Tina and Mike Sigsby of Dundee, Ore. enjoy the scenery of eastern Montana in the observation car of Amtrak’s Empire Builder train.
Tuss was testifying before a Senate Committee on Commerce, Science, and Transportation oversight hearing that Tester secured.
He said the Empire Builder adds $327 million annually to the economies of the states in which it operates, and that the federal government spends about $57 million to keep it running.
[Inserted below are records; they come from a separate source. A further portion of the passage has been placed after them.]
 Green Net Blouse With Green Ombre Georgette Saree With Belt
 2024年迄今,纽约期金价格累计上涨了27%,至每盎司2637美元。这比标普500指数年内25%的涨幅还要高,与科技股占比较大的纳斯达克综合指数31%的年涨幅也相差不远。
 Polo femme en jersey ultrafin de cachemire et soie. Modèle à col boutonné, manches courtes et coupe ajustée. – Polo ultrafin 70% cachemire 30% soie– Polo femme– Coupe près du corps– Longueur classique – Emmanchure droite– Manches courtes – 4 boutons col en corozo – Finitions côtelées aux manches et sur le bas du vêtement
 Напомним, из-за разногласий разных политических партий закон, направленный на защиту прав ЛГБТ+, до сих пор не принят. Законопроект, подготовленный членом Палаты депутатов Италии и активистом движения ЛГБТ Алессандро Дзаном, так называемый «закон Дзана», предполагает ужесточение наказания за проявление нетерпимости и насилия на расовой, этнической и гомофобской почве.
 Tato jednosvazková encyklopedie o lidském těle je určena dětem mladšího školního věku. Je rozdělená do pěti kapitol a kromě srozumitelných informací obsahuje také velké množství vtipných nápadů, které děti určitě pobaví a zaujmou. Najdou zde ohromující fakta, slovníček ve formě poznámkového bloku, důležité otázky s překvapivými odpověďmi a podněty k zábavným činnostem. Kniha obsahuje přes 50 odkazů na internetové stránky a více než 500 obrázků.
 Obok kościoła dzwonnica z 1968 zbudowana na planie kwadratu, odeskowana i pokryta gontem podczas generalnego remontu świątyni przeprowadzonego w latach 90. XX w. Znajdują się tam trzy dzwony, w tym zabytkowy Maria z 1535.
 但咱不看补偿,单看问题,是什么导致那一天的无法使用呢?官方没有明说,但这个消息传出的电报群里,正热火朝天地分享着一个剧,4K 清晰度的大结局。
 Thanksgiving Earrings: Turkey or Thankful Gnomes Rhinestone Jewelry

He described it as a $270 million return on the investment.
Tuss said that in 2019, the Empire Builder’s 12 stations in Montana handled 121,429 passengers who boarded or disembarked, and that the railroad brings out-of-state visitors to Montana for vacations and other reasons that significantly help Montana’s economy.
“This level of activity is significant, especially for a rural state,” he said. “Now is not the time to shrink from a commitment this nation has historically had to connect our people and places through a robust passenger rail system.”
Amtrak train in the East Glacier depot
Railroad advocates worry that Amtrak’s diminished service schedule will undermine its popularity with passengers, and could ultimately lead to Amtrak’s demise entirely.
“It is reasonable to expect that at least some riders will refuse to plan their itineraries around the days on which Amtrak is willing to provide a train,” notes an editorial on the “Railway Age” magazine web site. “Most will use their automobiles, while others will either take an airline (if possible), or just not make the trip. If there is a missed connection (an occurrence that happens more often than it should), it would cost a traveler two or three days, not just one.”
“If the trains become unreliable for potential riders, they will become unpopular with members of Congress,” the editorial continues. “That could endanger other Amtrak services, including the NEC (Northeast Corridor, Amtrak’s most popular and profitable route.)
If passed, Tester’s bill would require Amtrak to restore its pre-pandemic schedule of long-distance passenger service within 90 days.